Students focus on completing research and planning their poster design. This week emphasizes turning research into visual communication through effective layout, data visualization, and peer feedback.

Focus Question

How do I turn research into an effective poster?

🎯 Learning Intentions

  • Complete research for all sections
  • Design an effective poster layout
  • Create data visualizations (charts, maps)
  • Give and receive peer feedback

✅ Success Criteria

  • I have completed research for Sections C & D
  • I have created a draft poster layout
  • I can visualize data effectively
  • I can give constructive feedback

📚 Assessment Focus

  • Research: Sections C (Social/Ethical) & D (NZ Link)
  • Design: Layout, headings, images vs. text
  • Visual: Charts, maps, diagrams

Ngā Mahi - Week 8 Activities

1. Research Focus: Section C - Aotearoa Link (30 mins)

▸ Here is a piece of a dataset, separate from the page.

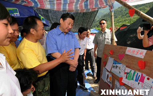 6月27日至29日,習(xí)近平和同行的中共中央政治局委員、中央書記處書記、中央組織部部長李源潮,在四川省委書記劉奇葆、省長蔣巨峰等陪同下,深入游仙、平武、北川、江油、都江堰、汶川等災(zāi)區(qū),看望慰問受災(zāi)群眾、基層黨員干部、各方面救災(zāi)人員和組工干部,調(diào)研黨建工作。在映秀鎮(zhèn)213國道搶通現(xiàn)場,習(xí)近平親切看望施工人員,鼓勵(lì)他們再接再厲,盡早打通這個(gè)交通生命線。在受災(zāi)群眾安置點(diǎn),他走進(jìn)一個(gè)個(gè)帳篷和一間間活動(dòng)板房,詳細(xì)詢問群眾吃飯、購物、就醫(yī)等方便不方便,還有什么困難。他說,妥善安置受災(zāi)群眾是當(dāng)前抗震救災(zāi)工作的重中之重,一定要抓緊、抓實(shí)、抓細(xì)。習(xí)近平要求在受災(zāi)群眾安置點(diǎn),要盡可能搞好公共服務(wù)設(shè)施配套建設(shè),千方百計(jì)方便群眾生產(chǎn)生活。當(dāng)?shù)弥驗(yàn)?zāi)停課的學(xué)生大部分已恢復(fù)上課,習(xí)近平十分高興。在平武縣平通鎮(zhèn)臨時(shí)板房小學(xué)和北川縣桂溪鄉(xiāng)永利村小學(xué),他向?qū)W生贈(zèng)送課外讀物,勉勵(lì)小同學(xué)們從小好好學(xué)習(xí),長大后用自己的勤勞和智慧為建設(shè)家鄉(xiāng)、建設(shè)祖國作貢獻(xiàn)。習(xí)近平強(qiáng)調(diào),災(zāi)后恢復(fù)重建是一項(xiàng)長期艱巨的任務(wù),一定要把自力更生與對(duì)口支援結(jié)合起來,把政府主導(dǎo)與市場機(jī)制結(jié)合起來,充分調(diào)動(dòng)各方面的積極性。在山東、廣東兩省對(duì)口援建活動(dòng)板房工地,習(xí)近平看到中央對(duì)口支援的部署正在落實(shí),感到很欣慰。他希望各支援省市進(jìn)一步細(xì)化任務(wù)、落實(shí)責(zé)任、抓緊工作、確保質(zhì)量,不辜負(fù)中央的重托,不辜負(fù)災(zāi)區(qū)人民的期盼。

Activity: Students complete research for Section C: The Māori Economy (Aotearoa Context).

  • Section C requires: One link between the chosen global commodity and Aotearoa/New Zealand
  • Examples:
    • A major NZ company that imports or uses the commodity (e.g., Whittaker's and cocoa; a major coffee roaster)
    • A comparable high-value NZ export commodity (e.g., Kiwifruit, Wine, Mānuka Honey) and how its trade compares
  • Key Question: "What if my crop isn't grown in NZ?" That's the point! Most are imported. Find the connection.
  • Record sources and take notes in bibliography template
💡 Student FAQ: "For Section C, what if my crop isn't grown in NZ?"
That's the point! We import most of these. Your job is to find the connection. Coffee/Cocoa: Find a famous NZ roaster or chocolate maker (like Whittaker's). Bananas: Who imports them? (T&G). Palm Oil: This is hidden in lots of food. Look at the ingredients on a biscuit packet.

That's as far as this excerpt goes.